Stored entries:
===============
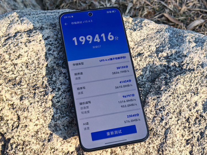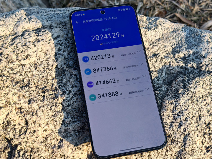 性能是荣耀GT这次主打的卖点,我觉得只有懂手机配置,在乎性价比的用户才会选这部手机,实际上,它的性能释放到底怎么样?其实看配置,荣耀GT一定不输现在市面上价位高它两倍的主流旗舰手机,处理器方面,采用的是一颗满血版的荣耀8Gen3处理器,这是高通目前仍然是第一梯队的旗舰处理器,其采用了台积电 4nm 制程工艺,升级了全新的1+5+2 的架构,性能非常强,仅次于高通前不久刚发布的骁龙8至尊版。同时,荣耀GT,在存储方面,配备了目前性能最强最新的LPDDR5X内存和UFS 4.0闪存组合,最高配置了16G+1TB,安兔兔跑分,可以最高跑200万+,仍然身处第一档旗舰机。
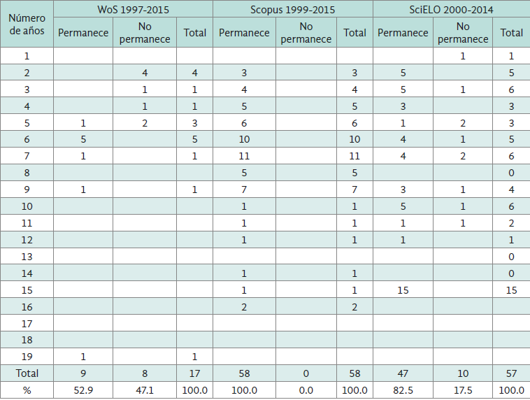 Es importante señalar que el total de revistas de investigación educativa de los países iberoamericanos identificadas en las tres bases de datos asciende a 94 en total; sin embargo, algunas de ellas no se han logrado mantener. El WoS presenta el patrón más excluyente pues de 17 revistas que lograron ingresar a la base de datos en el periodo 1997 a 2015, sólo 15 estuvieron de manera simultánea en los años 2010 y 2011, pero en 2015 ya sólo había 9 revistas. La participación de las revistas en Scopus es más estable, de 58 revistas iberoamericanas incluidas en esta base durante el periodo 1999-2015, todas se encuentran en la base de datos al final del periodo. No obstante, algunas de ellas salieron en el transcurso del periodo analizado, pero posteriormente volvieron a incluirse. Una salió por nueve años y otras tres lo hicieron sólo por el transcurso de un año. En este sentido, se puede señalar que la participación en Scopus tiende a ser más estable y mantener un patrón acumulativo de las revistas iberoamericanas que logran incorporarse a la base. No obstante, este no es el mismo caso en la base SciELO, pues en el periodo comprendido entre 2000-2014, se identificaron en total 57 revistas de investigación educativa, pero de ellas sólo 47 (82.5%) se mantuvieron hacia el final del periodo.
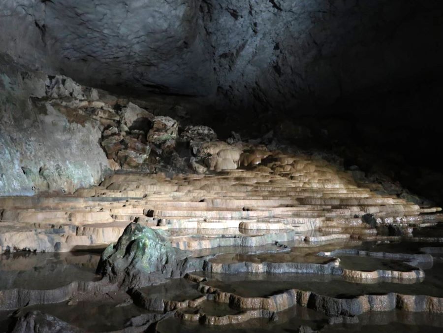| 27.秋芳洞入口(正しい読み方:あきよしどう) | 28.秋芳洞の見どころのひとつ「百枚皿」 |
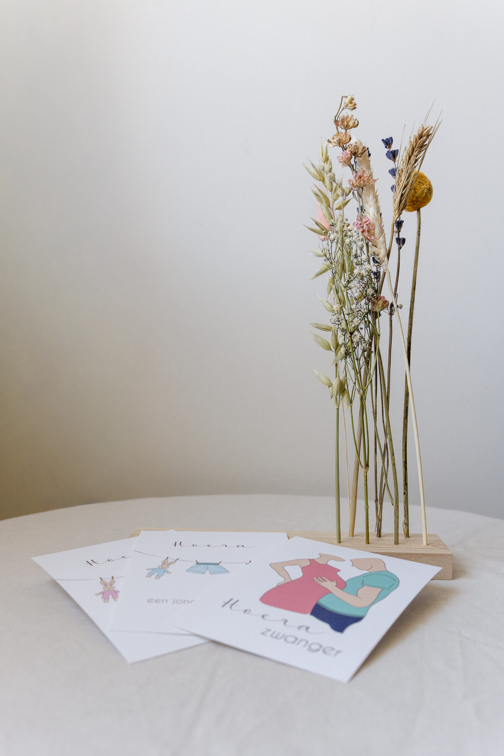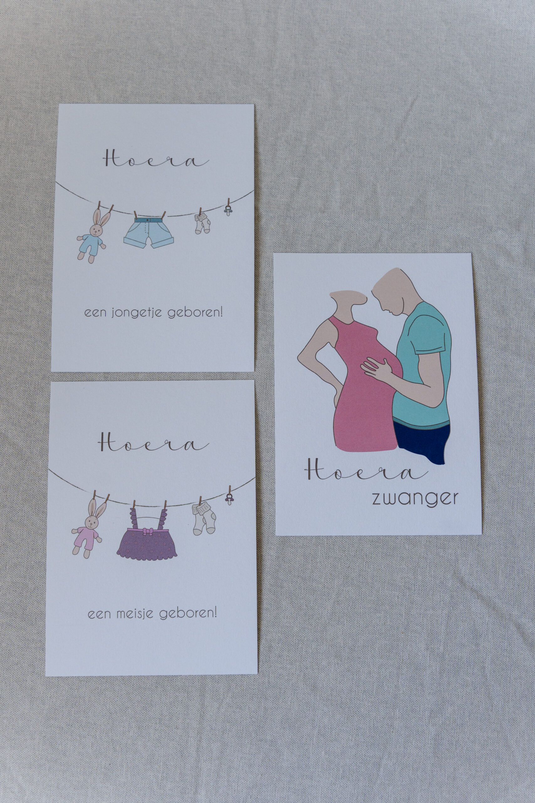 Een zorgvuldig samengestelde set kaarten voor een zwangerschap en geboorte.
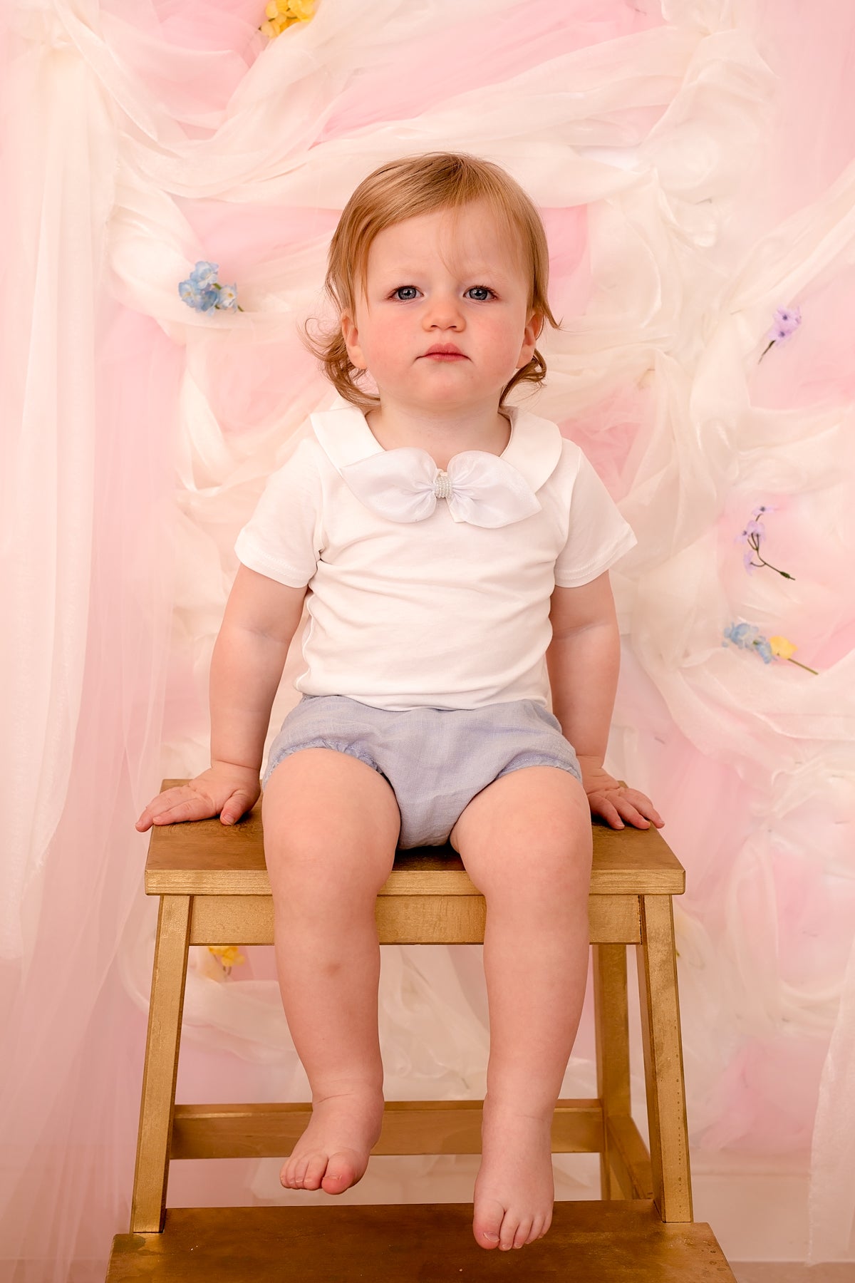 This is a brand new bow shape we added this season. We made it in 2 different fabrics: a beatiful embroidered/tulle and also this organza fabric. The beaded center ties the whole look together so beautifully! Wear it as a hair bow or as a bowtie! Size: About 5.5" wide.
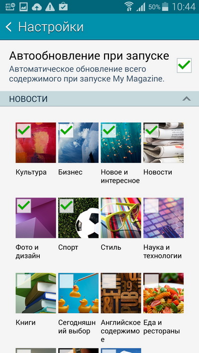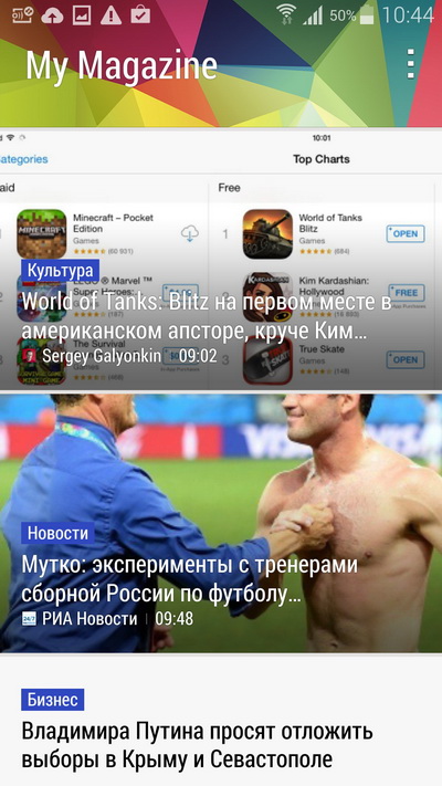 Слева от основного десктопа - приложение "Мой журнал", в котором можно просматривать новости по различным категориям. (Отключить его можно через "Диспетчер приложений" или через настройки десктопа.)
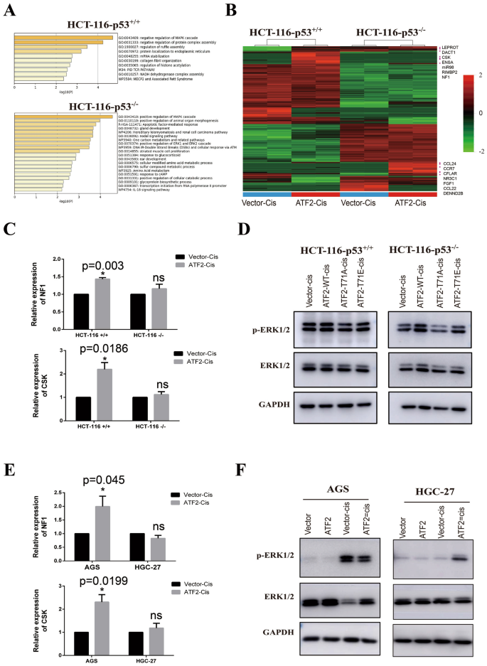 本环节的核心目标是解析ATF2依赖p53状态调控ERK1/2通路的具体机制。研究通过RNA测序分析ATF2过表达后p53野生型与缺陷细胞的差异表达基因,结合实时定量PCR、Western Blot验证关键基因的表达与ERK1/2通路的激活状态。结果显示,p53野生型细胞中ATF2过表达显著上调MAPK通路负调控因子CSK、NF1的表达,抑制ERK1/2的磷酸化激活;而在p53缺陷细胞中,ATF2过表达上调MAPK通路正调控因子,促进ERK1/2的磷酸化激活,证实ATF2通过调控ERK1/2通路介导顺铂应答的双面功能,且该调控依赖p53状态。实验所用关键产品:RNA测序服务(GENEWIZ)、TB Green定量PCR试剂盒(Takara)。
===============
Task prompt. Return every entry word for word, but drop any pictures.

Answer section.
 性能是荣耀GT这次主打的卖点,我觉得只有懂手机配置,在乎性价比的用户才会选这部手机,实际上,它的性能释放到底怎么样?其实看配置,荣耀GT一定不输现在市面上价位高它两倍的主流旗舰手机,处理器方面,采用的是一颗满血版的荣耀8Gen3处理器,这是高通目前仍然是第一梯队的旗舰处理器,其采用了台积电 4nm 制程工艺,升级了全新的1+5+2 的架构,性能非常强,仅次于高通前不久刚发布的骁龙8至尊版。同时,荣耀GT,在存储方面,配备了目前性能最强最新的LPDDR5X内存和UFS 4.0闪存组合,最高配置了16G+1TB,安兔兔跑分,可以最高跑200万+,仍然身处第一档旗舰机。
 Es importante señalar que el total de revistas de investigación educativa de los países iberoamericanos identificadas en las tres bases de datos asciende a 94 en total; sin embargo, algunas de ellas no se han logrado mantener. El WoS presenta el patrón más excluyente pues de 17 revistas que lograron ingresar a la base de datos en el periodo 1997 a 2015, sólo 15 estuvieron de manera simultánea en los años 2010 y 2011, pero en 2015 ya sólo había 9 revistas. La participación de las revistas en Scopus es más estable, de 58 revistas iberoamericanas incluidas en esta base durante el periodo 1999-2015, todas se encuentran en la base de datos al final del periodo. No obstante, algunas de ellas salieron en el transcurso del periodo analizado, pero posteriormente volvieron a incluirse. Una salió por nueve años y otras tres lo hicieron sólo por el transcurso de un año. En este sentido, se puede señalar que la participación en Scopus tiende a ser más estable y mantener un patrón acumulativo de las revistas iberoamericanas que logran incorporarse a la base. No obstante, este no es el mismo caso en la base SciELO, pues en el periodo comprendido entre 2000-2014, se identificaron en total 57 revistas de investigación educativa, pero de ellas sólo 47 (82.5%) se mantuvieron hacia el final del periodo.
| 27.秋芳洞入口(正しい読み方:あきよしどう) | 28.秋芳洞の見どころのひとつ「百枚皿」 |
 Een zorgvuldig samengestelde set kaarten voor een zwangerschap en geboorte.
 This is a brand new bow shape we added this season. We made it in 2 different fabrics: a beatiful embroidered/tulle and also this organza fabric. The beaded center ties the whole look together so beautifully! Wear it as a hair bow or as a bowtie! Size: About 5.5" wide.
 Слева от основного десктопа - приложение "Мой журнал", в котором можно просматривать новости по различным категориям. (Отключить его можно через "Диспетчер приложений" или через настройки десктопа.)
 本环节的核心目标是解析ATF2依赖p53状态调控ERK1/2通路的具体机制。研究通过RNA测序分析ATF2过表达后p53野生型与缺陷细胞的差异表达基因,结合实时定量PCR、Western Blot验证关键基因的表达与ERK1/2通路的激活状态。结果显示,p53野生型细胞中ATF2过表达显著上调MAPK通路负调控因子CSK、NF1的表达,抑制ERK1/2的磷酸化激活;而在p53缺陷细胞中,ATF2过表达上调MAPK通路正调控因子,促进ERK1/2的磷酸化激活,证实ATF2通过调控ERK1/2通路介导顺铂应答的双面功能,且该调控依赖p53状态。实验所用关键产品:RNA测序服务(GENEWIZ)、TB Green定量PCR试剂盒(Takara)。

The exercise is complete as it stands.